Key tibble functions include:

  • as_tibble() converts (or coerces) an existing rectangle of data (e.g., a data frame or matrix) into a tibble.

  • tibble() converts several vectors into (the columns of) a tibble.

  • tribble() converts a table (entered row-by-row) into a tibble.

Thus, the three functions differ by the types of inputs they expect, but have in common that they create a tibble as their output.

While some R veterans may prefer data frames, tibbles are becoming increasingly popular. But if we ever need to transform a tibble tb into a data frame, we can always use as.data.frame(tb).

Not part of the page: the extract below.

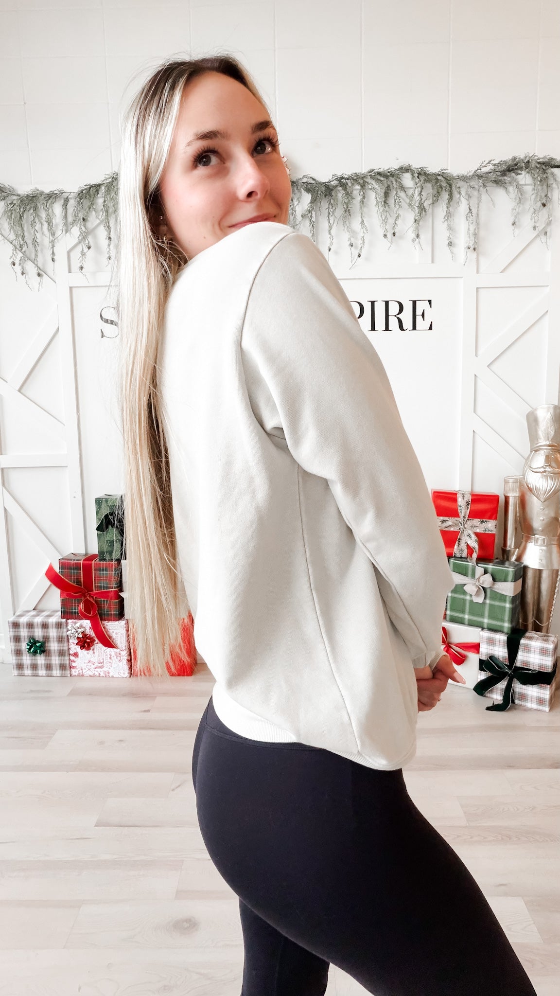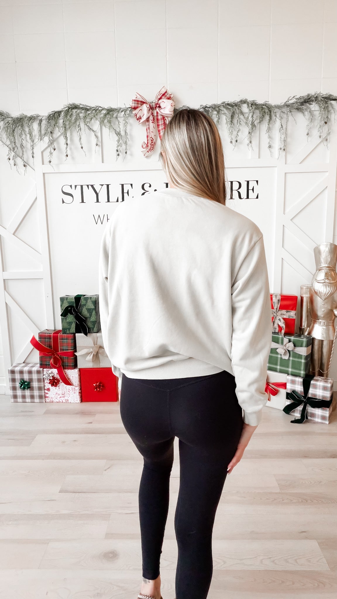 Style: Celebrate the season in comfort with this expertly crafted crewneck sweatshirt. Featuring relaxed drop shoulders and long sleeves, it's designed for effortless style. The mineral-washed fabric offers a soft, lived-in aesthetic while the pre-shrunk construction ensures lasting fit. A striking screen-printed graphic showcases "Have yourself a merry little Cocktail" with two holiday glasses elegantly centered among the lettering. Proudly made in the USA, this sweatshirt combines quality craftsmanship with festive charm—perfect for holiday gatherings or cozy nights in.

These commands and corresponding examples are illustrated in Section 5.2 Essential tibble commands of the ds4psy book (Neth, 2023a).

12.3 Conclusion

12.3.1 Summary

An R process always runs in some working directory. Getting data into R (or any other computing system) assumes a basic understanding of files, folders, and paths (i.e., descriptions of their locations, typically in the form of character strings).

The R packages readr and the tibble provide functions for creating data structures known as “tibbles” in R. For our purposes, tibbles are a simpler and well-behaved data frames. More specifically,

  • readr provides functions for reading data (stored as vectors or rectangular tables) into tibbles;

  • tibble provides functions for getting tibbles from other data structures (data frames, vectors, or row-wise tables).

12.3.2 Resources

i2ds: Links to resources, etc.

Figure 12.1 shows the back of the cheatsheet on the tidyr package:

Essential tibble commands on the RStudio cheatsheet on the tidyr package.

Figure 12.1: Essential tibble commands on the RStudio cheatsheet on the tidyr package.

The fact that both tibble and tidyr are covered by the same RStudio cheatsheet on Data tidying show the close correspondence between both topics.

12.3.3 Preview

The next two chapters will introduce the dplyr package and the tidyr package for data transformation. Just like readr and tibble, those packages are key components of the tidyverse (Wickham, 2023b).

12.4 Exercises

i2ds: Exercises

The following exercises link to the corresponding exercises of Chapter 5: Tibbles.

12.4.1 Flower power

Parts 1, 3–5 (i.e., all except for Part 2) of Exercise 1

12.4.2 Rental accounting

Part 1 of Exercise 2

12.4.3 False positive psychology

Exercise 4

This concludes our exercises on creating tibbles.